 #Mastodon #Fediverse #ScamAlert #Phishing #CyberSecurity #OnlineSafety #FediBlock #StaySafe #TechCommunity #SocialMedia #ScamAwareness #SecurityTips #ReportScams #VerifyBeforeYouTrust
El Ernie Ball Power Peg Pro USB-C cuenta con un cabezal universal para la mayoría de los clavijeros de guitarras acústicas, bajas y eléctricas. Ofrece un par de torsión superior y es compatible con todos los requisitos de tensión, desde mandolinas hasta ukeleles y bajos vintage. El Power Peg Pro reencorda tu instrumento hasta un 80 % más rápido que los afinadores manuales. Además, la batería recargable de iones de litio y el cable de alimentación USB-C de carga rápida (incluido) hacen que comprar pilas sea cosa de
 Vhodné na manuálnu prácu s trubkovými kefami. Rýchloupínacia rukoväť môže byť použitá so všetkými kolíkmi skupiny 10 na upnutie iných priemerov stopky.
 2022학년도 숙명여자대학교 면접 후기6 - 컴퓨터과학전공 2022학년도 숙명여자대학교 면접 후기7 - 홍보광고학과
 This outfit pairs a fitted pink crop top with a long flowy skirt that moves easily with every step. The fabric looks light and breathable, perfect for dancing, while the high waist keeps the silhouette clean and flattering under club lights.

..............................

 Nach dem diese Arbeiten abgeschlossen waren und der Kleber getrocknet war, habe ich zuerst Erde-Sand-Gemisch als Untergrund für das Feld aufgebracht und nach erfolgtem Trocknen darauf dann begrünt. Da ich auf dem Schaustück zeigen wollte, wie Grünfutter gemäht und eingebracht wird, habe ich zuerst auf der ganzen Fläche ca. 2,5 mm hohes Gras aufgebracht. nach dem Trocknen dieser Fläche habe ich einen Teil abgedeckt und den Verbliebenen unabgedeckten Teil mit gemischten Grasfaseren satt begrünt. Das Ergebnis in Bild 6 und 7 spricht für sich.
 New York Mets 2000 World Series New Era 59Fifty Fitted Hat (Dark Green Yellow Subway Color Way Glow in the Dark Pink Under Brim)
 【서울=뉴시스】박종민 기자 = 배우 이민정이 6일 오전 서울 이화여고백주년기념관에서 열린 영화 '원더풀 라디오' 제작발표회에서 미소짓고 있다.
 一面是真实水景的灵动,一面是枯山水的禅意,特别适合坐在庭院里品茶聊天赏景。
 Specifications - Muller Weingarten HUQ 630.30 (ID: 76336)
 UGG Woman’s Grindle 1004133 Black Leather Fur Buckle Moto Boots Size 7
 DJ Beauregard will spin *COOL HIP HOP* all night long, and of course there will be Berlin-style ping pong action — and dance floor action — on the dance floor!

..............................

* **Exercise description**: Look above for the line with "#Mastodon #Fediverse #ScamAlert" and the line with "This outfit pairs", and reproduce exactly those two lines plus every line between, nothing more.

* **Solution to the problem**:
 #Mastodon #Fediverse #ScamAlert #Phishing #CyberSecurity #OnlineSafety #FediBlock #StaySafe #TechCommunity #SocialMedia #ScamAwareness #SecurityTips #ReportScams #VerifyBeforeYouTrust
El Ernie Ball Power Peg Pro USB-C cuenta con un cabezal universal para la mayoría de los clavijeros de guitarras acústicas, bajas y eléctricas. Ofrece un par de torsión superior y es compatible con todos los requisitos de tensión, desde mandolinas hasta ukeleles y bajos vintage. El Power Peg Pro reencorda tu instrumento hasta un 80 % más rápido que los afinadores manuales. Además, la batería recargable de iones de litio y el cable de alimentación USB-C de carga rápida (incluido) hacen que comprar pilas sea cosa de
 Vhodné na manuálnu prácu s trubkovými kefami. Rýchloupínacia rukoväť môže byť použitá so všetkými kolíkmi skupiny 10 na upnutie iných priemerov stopky.
 2022학년도 숙명여자대학교 면접 후기6 - 컴퓨터과학전공 2022학년도 숙명여자대학교 면접 후기7 - 홍보광고학과
 This outfit pairs a fitted pink crop top with a long flowy skirt that moves easily with every step. The fabric looks light and breathable, perfect for dancing, while the high waist keeps the silhouette clean and flattering under club lights.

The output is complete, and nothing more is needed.